Just then, an excited shout rang out from the nearby wooden watchtower, seven or eight meters high: “They’re here! They’re back!”
“Really?”
“Where? I don’t see them!”
“They’ve got the high ground—we’ll spot them soon!”
“Thank goodness… they made it.”
The crowd erupted in relief. Squinting, they saw distant specks on the horizon growing larger. Smiles blossomed across anxious faces.
But as the group neared, those smiles stiffened.
A dozen hunters approached, battered and bloodied, carrying bows and spears. Some limped with support; others were carried. Even the able-bodied bore wounds.
No prey was in sight.
The sharpest observers noticed missing faces.
The procession halted before the drawbridge. Their leader—a square-jawed man with a stern expression and bloody gashes on his right arm—wore a look of profound guilt.
Time seemed to freeze.
The man licked his cracked lips. “I’m sorry,” he rasped. “We were ambushed by two mid-level beasts. We lost our prey, and Zhu Zi, Ah Hua, Xiao Gao… they…”
Before he could finish, several people in the crowd collapsed.
Chaos erupted as neighbors scrambled to carry the unconscious back to their homes.
The other members of the hunting team lowered their heads in shame, unable to meet the eyes of the elderly, women, and children. Chen Fan's body trembled slightly.
People died? Three at once?
From the original owner's memories, this appeared to be their heaviest casualties yet.
The square-faced man leading them was the biological father of the body's original occupant—the leader who had spearheaded the construction of this earthen fortress.
Sporadic sounds drifted through the air—muffled sobs, despairing sighs, and murmured words of comfort.
As the hunting party filed in, the entrance drawbridge creaked upward. Encircled by walls over three meters tall, the entire settlement appeared impregnable, offering its inhabitants a rare sense of security.
The wives and children of injured men stared at their bloodied husbands and fathers, hearts wrung with anguish.
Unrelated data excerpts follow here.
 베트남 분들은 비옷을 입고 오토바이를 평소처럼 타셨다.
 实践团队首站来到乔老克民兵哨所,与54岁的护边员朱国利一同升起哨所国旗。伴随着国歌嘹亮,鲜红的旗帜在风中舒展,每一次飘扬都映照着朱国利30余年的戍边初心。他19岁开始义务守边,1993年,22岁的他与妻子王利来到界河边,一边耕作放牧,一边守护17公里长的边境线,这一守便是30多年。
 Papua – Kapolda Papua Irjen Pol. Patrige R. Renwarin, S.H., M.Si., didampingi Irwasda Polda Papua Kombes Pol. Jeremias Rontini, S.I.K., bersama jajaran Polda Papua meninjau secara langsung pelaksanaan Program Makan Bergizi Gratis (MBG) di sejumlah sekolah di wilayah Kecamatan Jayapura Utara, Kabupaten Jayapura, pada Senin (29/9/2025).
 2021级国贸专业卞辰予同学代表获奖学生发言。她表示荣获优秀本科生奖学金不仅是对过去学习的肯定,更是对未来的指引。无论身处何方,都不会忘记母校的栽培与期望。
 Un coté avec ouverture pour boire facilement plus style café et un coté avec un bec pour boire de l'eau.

Yet a grim relief lingered beneath their grief—they couldn't help counting their blessings when remembering those who'd marched out at dawn but would never return.
Those with minor wounds departed with their families. Night fell swiftly, plunging the compound into darkness save for the moon's pallid glow.
"Guodong, your arm."
A woman gripped the square-faced man's right limb, twin trails glistening on her cheeks.
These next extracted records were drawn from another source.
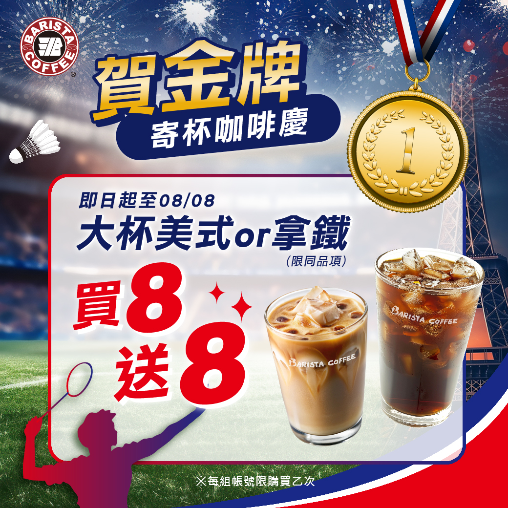 狂賀!奧運羽球男子雙人組為台灣摘下第一面金牌,麟洋配奧運金牌二連霸!即日起8/5(一)至8/8(四)連續四天西雅圖極品咖啡門市寄杯美式咖啡/拿鐵(限同品項)享【買8送8】優惠!西雅圖與大家一起為每一位台灣健兒加油!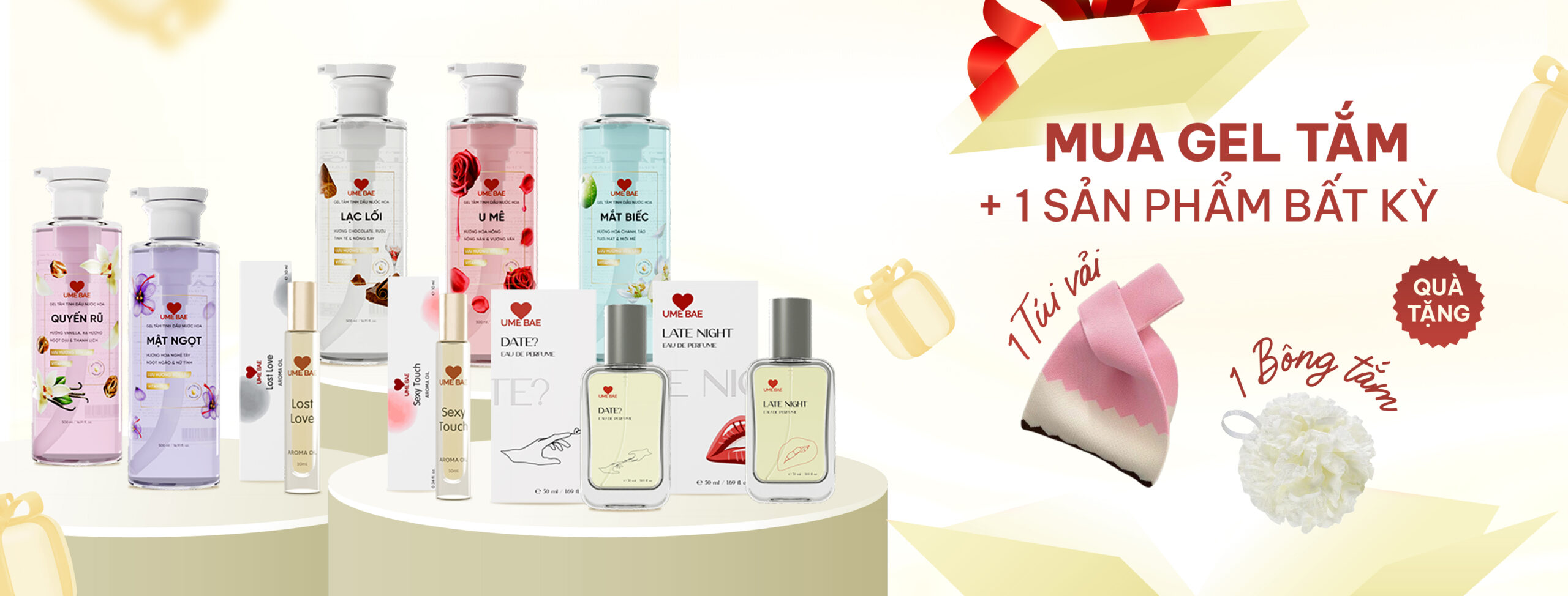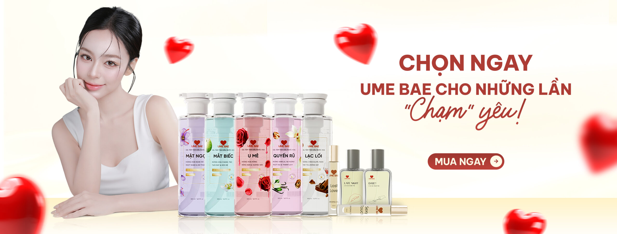Chúng tôi bắt đầu với các dòng sản phẩm Gel tắm tinh dầu, nước hoa và tinh dầu nước hoa – những mùi hương dịu nhẹ, gần gũi và dễ yêu. Bởi với Ume Bae, hương thơm không cần quá mạnh mẽ để nổi bật, mà chỉ cần đủ để khiến bạn thấy mình xinh đẹp hơn, yêu đời hơn, và đặc biệt – yêu chính bản thân mình hơn.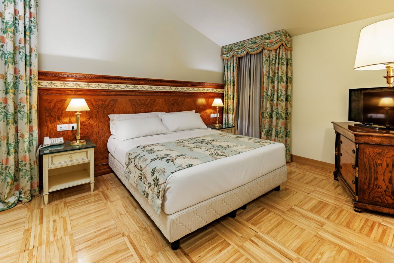 La Suite è il massimo dell'eleganza e del comfort, ideali per chi desidera un soggiorno esclusivo e raffinato. Composte da due ambienti separati, includono una spaziosa zona salottino con un comodo e prezioso divano, perfetto per rilassarsi in totale privacy. Arredate con mobili di pregio, offrono un bagno moderno con doccia e/o vasca per un’esperienza di lusso. Dotate di tutti i comfort, come TV moderna, minibar, cassaforte e phon, le Suite sono pensate per rendere ogni momento indimenticabile.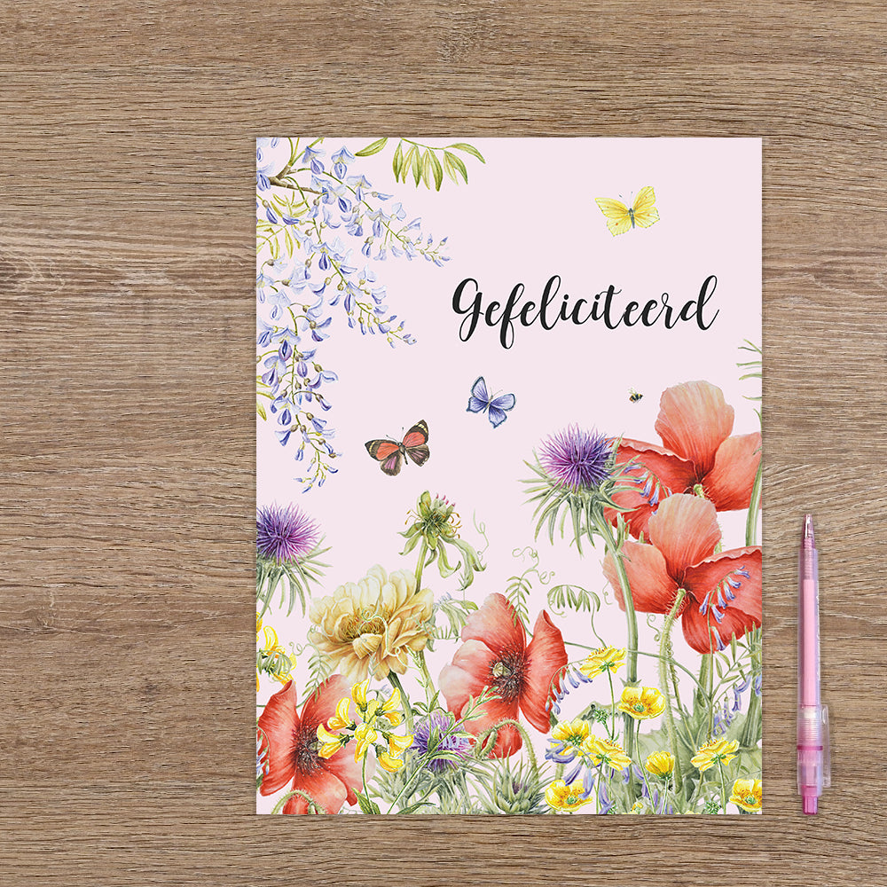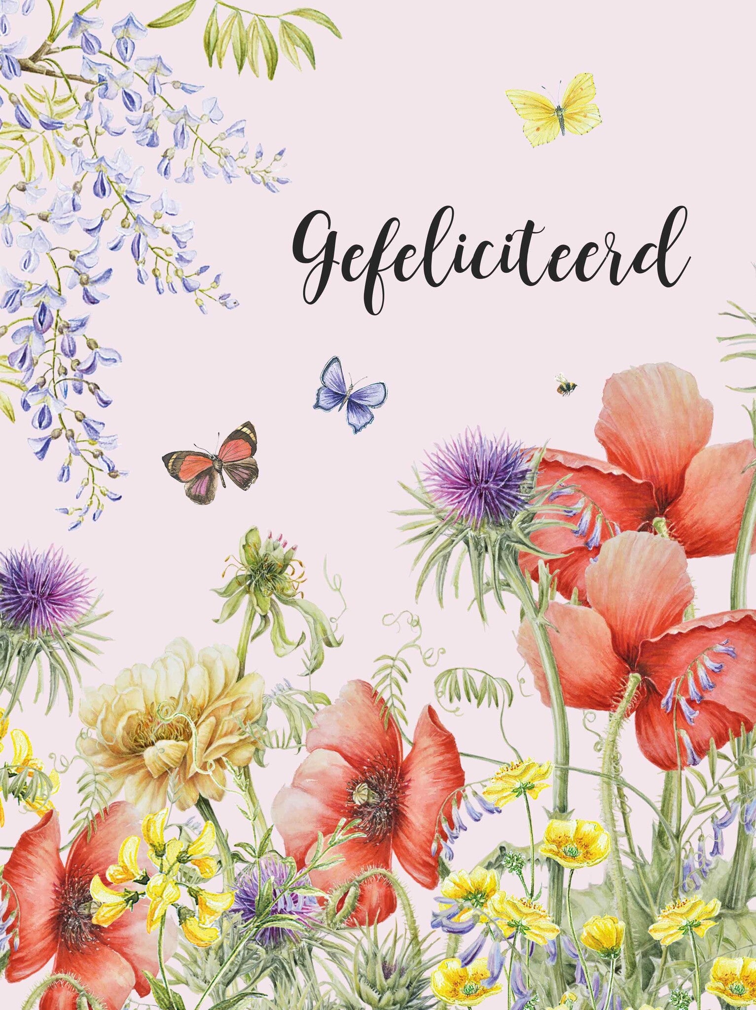 De wenskaart heeft een afmeting van x en een staande vorm. Op deze wenskaart staan bloemen en vlinders in de kleuren rood, paars, geel, groen en blauw met in het midden de tekst: "Gefeliciteerd". De binnenzijde van de wenskaart is bedrukt met een ontwerp passend bij de voorzijde van de kaart .

Chen Fan approached, still adjusting to his transmigrated existence after mere days in this foreign flesh.
"I'm fine."
Chen Guodong shook his head, voice thick with self-reproach. "This is my fault. Had I spotted those two beasts sooner, Zhu Zi and the others... they wouldn't have—"
Thwack!
A calloused palm struck his shoulder. A bald mountain of a man rumbled, "Enough, Guodong. Blame the cursed times, not yourself. We survivors all walk the same path to the grave."
"Get some rest."
Another clap on the shoulder, then the bald man flashed a gap-toothed grin at stone-faced Chen Fan before lumbering off with his kin.
"Let's go home, Dad." Chen Fan interjected. "Little Brother's waiting."
Chen Guodong stiffened, then nodded.
An oppressive silence blanketed the fortress. Nearby huts flickered with firelight, their crackling flames punctuated by exhausted murmurs.
"Mom... I'm hungry. Can I have more?"
"Sleep, child. Hunger fades in dreams."
"But my tummy hurts..."
"Hush now. If we eat tonight, there'll be nothing tomorrow."
The voices dwindled.
Chen Guodong's features tightened with fresh guilt.
Observing peripherally, Chen Fan sighed inwardly. This body's father—a man of few words but unshakable integrity—insisted on equal food distribution regardless of contribution, keeping the fortress' vulnerable fed even as his own family scraped by. Lately, their hunting failures had strained this fragile equity.
With winter's approach and game vanishing, starvation loomed. Should this continue, even the taboo of cannibalism might fracture their humanity.